Read the full article here.
I often can't afford groceries because of volatile work schedules at Gap
As the movement for a $15 minimum wage grows, low-wage workers know the problem isn’t just the hourly pay rate. It’s...
As the movement for a $15 minimum wage grows, low-wage workers know the problem isn’t just the hourly pay rate. It’s also the number of hours scheduled. I’ve worked at Gap in multiple locations since October 2014. I’d like to earn a living wage – but a raise alone won’t help me pay the bills if exploitative schedules aren’t fixed too.
I spent most of 2014 unemployed while applying to dozens of jobs.

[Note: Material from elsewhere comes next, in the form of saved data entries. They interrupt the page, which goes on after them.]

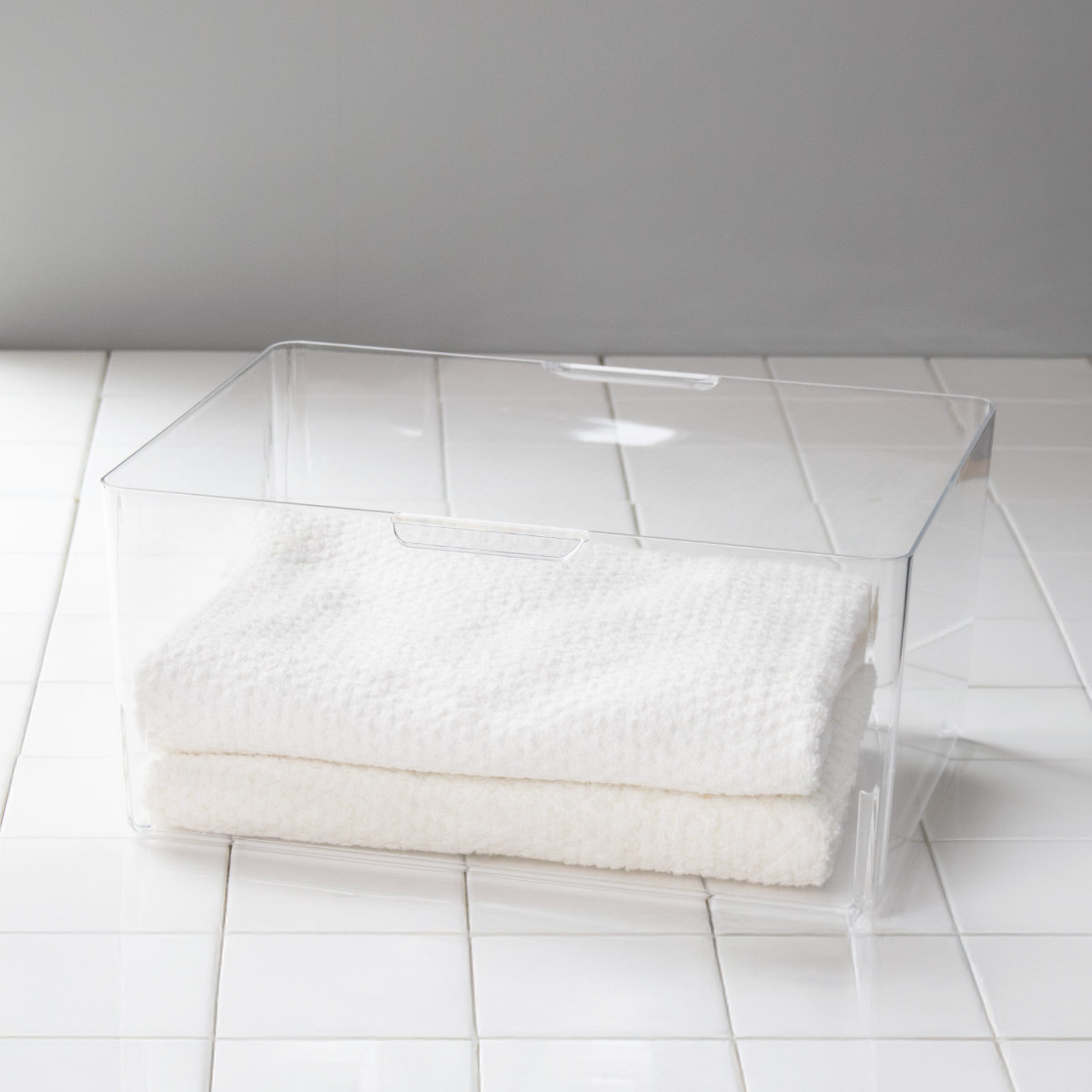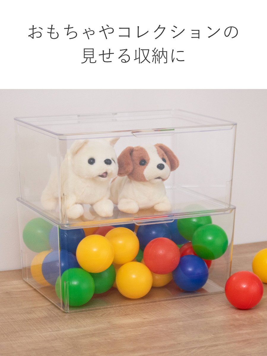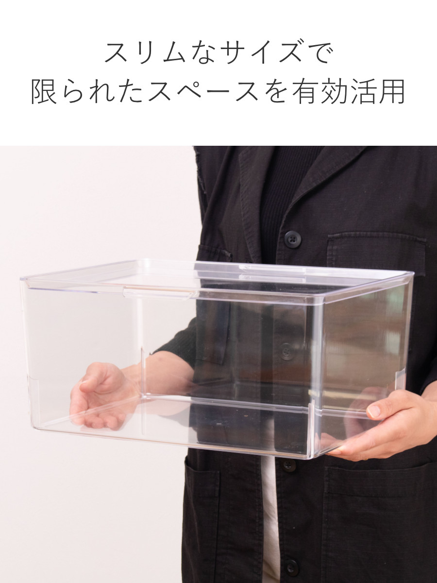 透明度が高い美しいフォルムが特徴の収納ボックスです。中身がひと目で確認できるので、ストック食材や洗剤、コスメ、おもちゃまで、何がどこにあるかラクに把握できます。探さない収納にしておくと、買いすぎ防止や時短にもつながって便利です。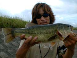 Tacoもスピニングをやめベイトロッドを持ってきた。アシ周りフィッシングを楽しむ。で、ふと水面に目をやると木箱のようなモノが沈んでいる。こーゆーとこに居るんだよねーとかいいつつ、2人同時に木箱の左右にジグをポチャリ。んで、オレにヒット!Tacoは根がかり。ウヒヒ気分いーなー。腕の違いではなく竿の値段の違いと言うことにしておこう。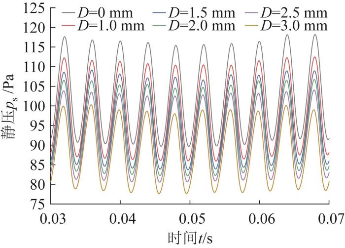 Static pressure pulsation curves at blade tip under different fillet diameters D

Then, in October, I finally got a job at Gap. Our schedule comes out less than a week in advance. Some of the shifts leave workers “on-call,” meaning we don’t know if we’re going to be working at all that day. The earliest we find out is two hours before the shift is scheduled to start. At my first store, I had 18 hours of penciled-in shifts with only nine guaranteed hours some weeks. This is not uncommon in the industry.
The volatility of on-call scheduling, in combination with the low pay, meant my life at Gap wasn’t all that different from when I was unemployed. Though I was working, I still had to go to a food pantry for groceries. In winter, I had to choose between racking up heat bills I couldn’t afford and freezing in my apartment. My landlord would ask me when I’d have the rent money, but I couldn’t give her an answer because I never knew how many hours I’d actually work in a given week. I couldn’t afford to live in the city where I worked, so I had to transfer to a Gap store back home.
I’m not the only one struggling. Retail workers have the second-lowest average weekly earnings of workers in any sector in the US economy: $444 per week. We also have the second-lowest average weekly working hours. From 2006 to 2010, the number of people working part-time for economic reasons and not by choice, grew from 4 to 9 million. It’s called involuntary part-time work, meaning we want full-time employment but a lack of opportunities prevents us from doing so.
Unpredictable last-minute scheduling makes it difficult to budget and turns even the most basic decisions into headaches. Will we need babysitters for our children? Will we be able to make a doctor’s appointment? Will we have to rush to Gap from our second jobs?
One of my co-workers, started working at Gap as she was transitioning out of homelessness, but she wasn’t making enough to get stable housing on her own. Most so-called middle class jobs lost in the recession have been replaced by low-wage work like retail jobs. I’m thankful to be working, but gratitude born of desperation is no comfort and it certainly doesn’t pay the rent.
As the involuntary part-time worker population has drastically grown, so too has Gap’s executive compensation. Since 2010, total executive compensation packages exploded from $19m to over $42m by 2014. Former CEO Glenn Murphy’s compensation increased from $5.9m in 2010 to $16m in 2014. So-called ‘on-call scheduling’ creates a cheap on-demand workforce, enabling the Gap to pad its bottom line. The gains don’t go to us; they flow to the top-earners in the company. We make the sacrifices, they reap the rewards.
Another co-worker began working at Gap, in addition to a second retail job, as a way to escape the illicit drug trade. My colleague once told me: “everybody wants a job, no one wants to really be out hustling in the streets.” But the on-call shifts became unbearable, and he struggled to pay rent. For him, the trade-off between street money and regular employment was costly. This structural combination of low wages and unfair scheduling pressures workers into the underground economy, and is a hidden pipeline to the prison system.
I do, however, feel hope. Here in Minnesota, lawmakers are considering new legislation, supported by workers and community groups like Neighborhoods Organizing for Change, that would require three weeks’ advance notice of work schedules. Across the country, low-wage workers are fighting for fair scheduling and the tide is turning. Just this summer, Victoria’s Secret and Abercrombie & Fitch have announced an end to their on-call shifts. The Gap can be part of this rising tide.